General Motors on Monday announced a share buyback program and a new “disciplined capital allocation framework” as part of a deal with dissident shareholders. The auto giant pledged to “return all available free cash flow to shareholders while [maintaining] an investment-grade balance sheet underpinned by a target cash balance of $20 billion.”
According to Reuters, GM Chief Financial Officer Chuck Stevens said the $20 billion cash cushion would be enough to manage through a recession. That minimum cash level may also be reduced over time.
The Detroit automaker said that the framework would also include future capital spending in the range of 5% to 5.5% of annual revenue. The company plans to reinvest in its business “with the objective of driving [a] 20% or higher return on invested capital through investments in world-class vehicles and leading technology.” For 2015, GM said it would invest $9 billion to grow the company, which includes “a more aggressive vehicle launch cadence in the coming years.”
The GM board authorized the repurchase of $5 billion in GM shares, a program which would be completed by the end of 2016. In addition, the company reiterated that it would increase its quarterly dividend to 36 cents a share, which would result in an expected dividend payout of roughly $5 billion through the end of 2016.

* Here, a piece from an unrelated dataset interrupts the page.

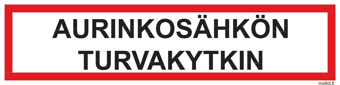 Paloalan opaste Aurinkosähkön turvakytkin. Valkoinen pohja, punainen reuna ja musta teksti. Koko ja materiaalit : 200 x 50 mm 400 x 100 mm Tarra, muovi, alumiini

The dissident shareholders were led by Harry Wilson, a former member of the Obama administration’s auto industry task force. A Reuters article Monday said GM’s deal with Wilson averted a proxy fight to give Wilson a seat on the company’s board. Wilson reportedly voiced optimism over GM’s new capital plan.
According to Reuters, “GM had built up roughly $25 billion in cash as its sales and profits rebounded following its 2009 government-led bankruptcy.” The new capital allocation framework, however, “depends on GM maintaining an investment grade balance sheet.”